In his constituency, people joke that he was appointed to screen candidates for the elections in the Chambal region—the electorally crucial northern region of the state below the Chambal River—and ended up finding himself in the fray, like a cricket selector who has to end up playing a T20 match. Tomar supporters favour the idea that he has been picked as a chief ministerial replacement for Shivraj Singh Chouhan, in the eventuality of the BJP forming a government by the many means the party has perfected. But this is a stretch. It may apply to a leader like Prahlad Patel, who hails from an Other Backward Classes community, or a Scheduled Tribes leader like Faggan Singh Kulaste, both of whom are among the seven members of parliament deployed in the state. But the BJP is unlikely to be seen replacing a four-term OBC chief minister with a Thakur like Tomar—particularly at a time when the issue of a national caste census continues to gain prominence.
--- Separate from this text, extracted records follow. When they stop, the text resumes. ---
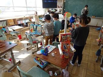 1年2組は図工「はこと はこを くみあわせて」で,飾りを付けて,作品を仕上げていました。
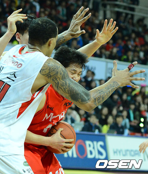 3쿼터, 모비스 함지훈이 SK 심스의 수비를 피해 골밑 돌파를 시도하고 있다. /ouxou@osen.co.kr
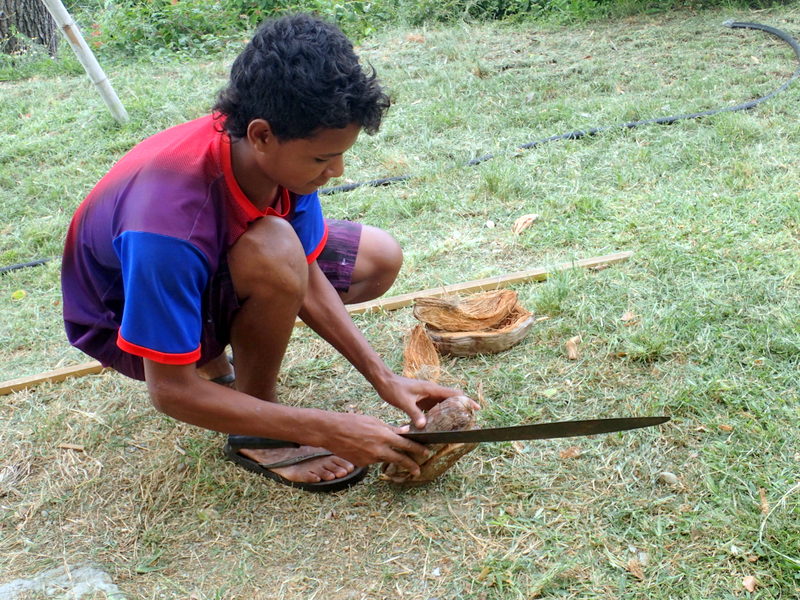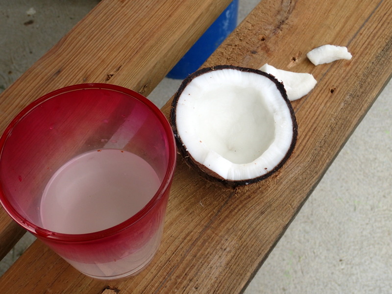 My nap was short, as usual, the damn dogs were barking because Eddy came up to see what was going on. His 3 brothers were hitch-hiking home from school today, Arbor Day celebration and Bill gave them a ride here so I could measure them for TOMS shoes. They did not get any when we were at their school. It’s weird, they have to hitch a ride to school because it’s so far away, if they don’t get a ride in time, they go home. Sad. These boys are 6, 8 and 9. They hitch hike to school. Alexi was here for the day helping do stuff so they cut up some coconuts from our tree. I wanted to see if the pups liked the fresh coconut milk and oh yes they do!! They drank it all. I then broke some small pieces of coconut meat up and they ate that too. This will be part of their new diet for sure, can’t be anything wrong with them eating this, fresh from the tree.

Others suggest a more likely possibility, that some of these seats were lost causes to begin with, and that fielding heavyweights has at least ensured a fight. The Dimani seat was won by a Congressman in 2018 who then defected to the BJP along with Jyotiraditya Scindia. In the resulting bypoll, a Congress candidate won again.
The BJP’s move has also ensured that these ministers do not ask for tickets for close kin who likely would have been a major handicap. For instance, forcing party general secretary Kailash Vijavargiya to contest has effectively denied a ticket to his son who had hit the headlines for assaulting a municipal employee with a cricket bat.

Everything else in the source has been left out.